A bailarina em seu quarto branco gira.
A música abafa uma voz calorosa distante
- Pai nosso que estás no céu, santificado seja o vosso nome,
A bailarina no seu quarto branco gira.
Nada parece impossível enquanto a bailarina girar. Seu vestido vermelho balança e embala para um novo giro.
Seus cabelos lisos e dourados voam plenos.
A bailarina gira.
- Venha a nós o vosso reino, seja feita a vossa vontade,
O diabo entra no quarto branco.
A música ainda toca, mas a bailarina não gira dessa vez.
A bailarina encara o diabo, aterrorizada
O diabo sorri.
A bailarina não gira.
- assim na terra como é nos céus.
Os olhos do diabo são vermelhos, como o vestido da bailarina, que dessa vez não embala, mas treme.
O diabo vai em direção à bailarina. A bailarina tenta correr. Tolice.
O diabo agarra a bailarina pelo braço.
- O pão nosso de cada dia nos dai hoje,
O diabo leva a bailarina para o quarto de luzes amarelas.
A bailarina não gira mais. Ela grita. Ela implora. Ela chora
Ela torce para que a música pare e a plateia ouça seu desespero.
A bailarina não gira mais!
- Perdoai as nossas ofensas, assim como perdoamos a quem nos tem ofendido,
As mãos do diabo percorrem o vestido vermelho da bailarina. As mãos sujas do diabo arrancam o vestido vermelho da bailarina. As mãos imundas do diabo invadem o corpo da bailarina.

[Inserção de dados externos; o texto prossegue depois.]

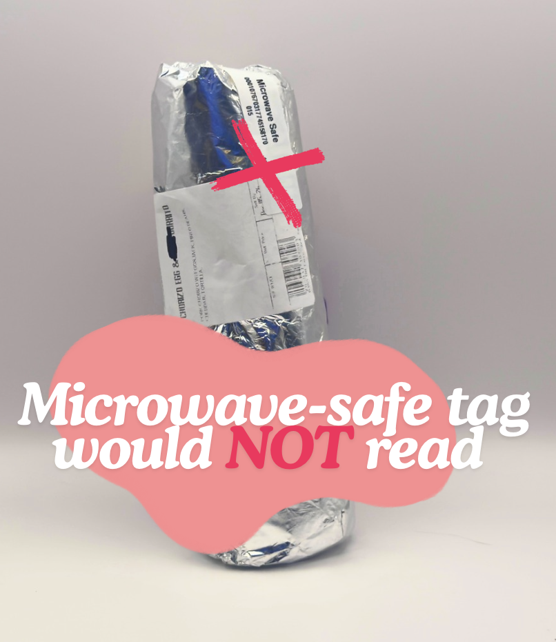Some burritos are not frozen and are wrapped in aluminum foil. A microwave-safe tag would not be appropriate to be used for aluminum wrapped burritos. You would not microwave the burrito in aluminum foil and the microwave-safe tag would not read. The aluminum would block the RFID tag from reading!
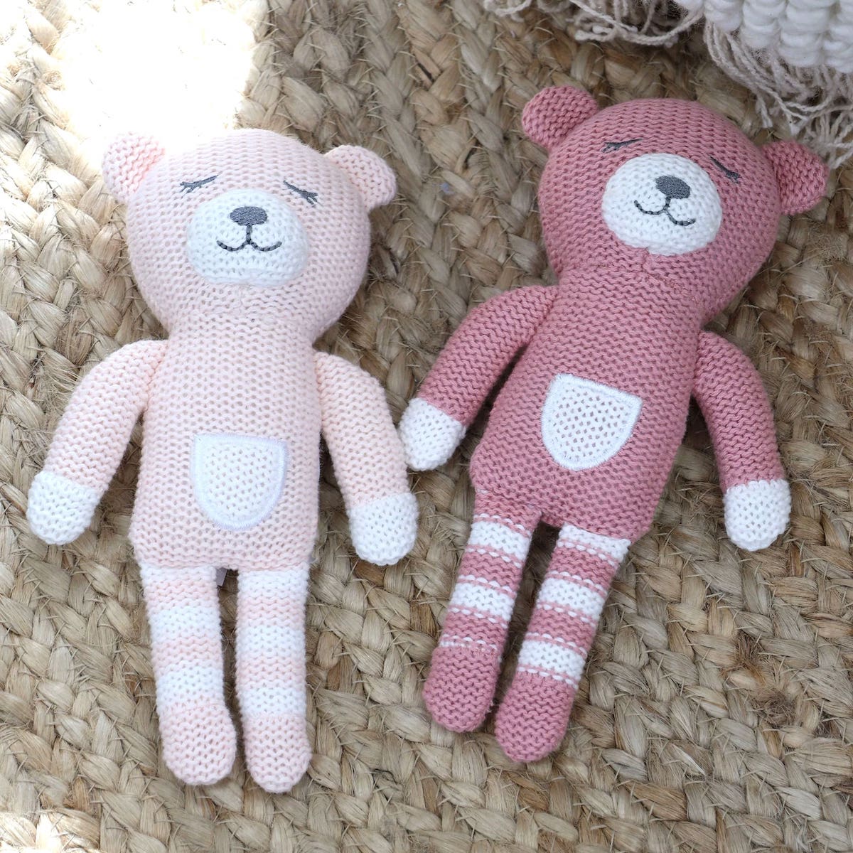 Little ones will delight in Bubba Blue's cute knitted bear rattle toys. Crafted with a soft knit texture in a stylish colour palette, they feature a gentle rattle sound to stimulate your child�÷??s senses. Long arms and legs provide easy grip for little hands.
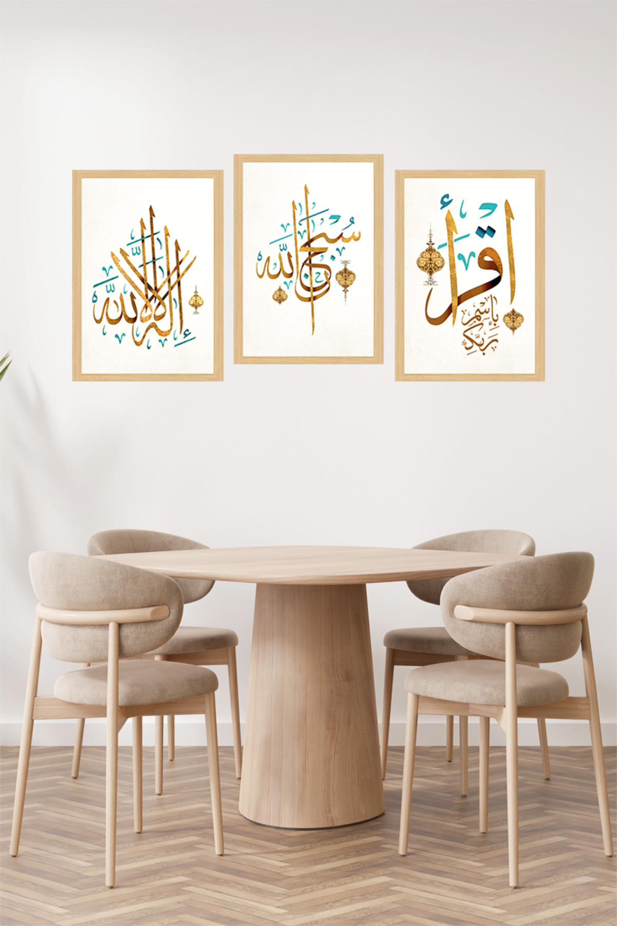 🌿 Allah Yazılı Altın ve Turkuaz Hat Sanatı 3’lü Çerçeve Görünümlü Tablo Seti 🌟 CRVS1084

- e não nos deixeis cair em tentação,
A língua afiada do diabo arranha o seio da bailarina.
A bailarina deseja nunca mais girar. Ela deseja mastigar seus lábios para não entregar ao diabo. Tolice.
O diabo machuca. Corta. Dilacera. O diabo mancha o corpo, o vestido e a alma da bailarina.
- mas livrai-nos do mal. Amém.
A música toca. Quem está dançando agora é o diabo.
Um ritmo repetitivo. Uma dança invasiva.
O diabo não foi convidado para o espetáculo da bailarina.
Um arrepio na espinha da voz calorosa ao encerrar o show do diabo.
A voz pressentiu.
- Senhor, por favor, cuide da minha filhinha. Amém.
Tolice.
Deus não entra em banheiro de boate.